Where can i edit that? that certainly is not the host of our servers info so wondering where that is coded.... (i asked the host and he has no idea where that info would be pulled from...)

Mudvayne
12 Mar 2006, 06:29
I tried those tools. generated the info, uploaded the files in ASCII and i know the info was right i was typing in, it was in the right directory, but it justkept popping up as if i was putting in the wrong login info - but i know i wasnt...
But bro.. Mine works fine.. here is some info..

http://www.vbulletin.com/forum/admincp
http://www.golpo.net/forum/admincp

http://www.vbulletin.com/forum/modcp
http://www.golpo.net/forum/modcp

http://www.vbulletin.com/forum/includes
http://www.golpo.net/forum/includes

http://www.vbulletin.com/forum/install
http://www.golpo.net/forum/install

:).. So I prefer .htaccess.. Newayz did u upload the .htaccess & .htpasswd in the right directory? If so thn it should work.. Did u use the encoded pass in .htpasswd ?

Nathan2006
14 Mar 2006, 14:43
Thnk you its a lot better :)

Install

Just 1 question I added the code as you said, but do you only get 1 login screen or 2?

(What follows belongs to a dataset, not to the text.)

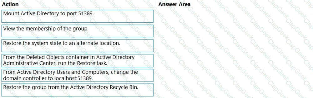 Your network contains an Active Directory Domain Services (AD DS) domain that has the Active Directory Recycle Bin enabled. All domain controllers are backed up daily.

Meaning should the old login screen appear after the new login box?

Thanks :)


Edit: Its ok its fully working now

Thank you :)

mike12345
05 May 2006, 07:25
cool thanks! i will use this

IncredibleHawk
05 May 2006, 07:49
Very Very Nice and thanks your a life saver!:banana:

ShadowOne
19 Oct 2006, 08:34
So You All Are Sayin You Cant Give The Password Out To The Other Admins? I Like It Just For More Security Against Anyone...Why Block From Other Admins?

da420
19 Oct 2006, 09:04
Ive always .htaccess my admin cp via my host cPanel... :)

vietkieu_cz
23 Oct 2006, 22:27
very userfull, thank you very much

manutdvn
29 Nov 2006, 09:46
Thank you. Do you have any update for this mod?

Hornstar
10 Jan 2007, 13:06
didnt work for me in 3.6.4 it game me an error, but its cool, im using cpanel now, it does the job fine.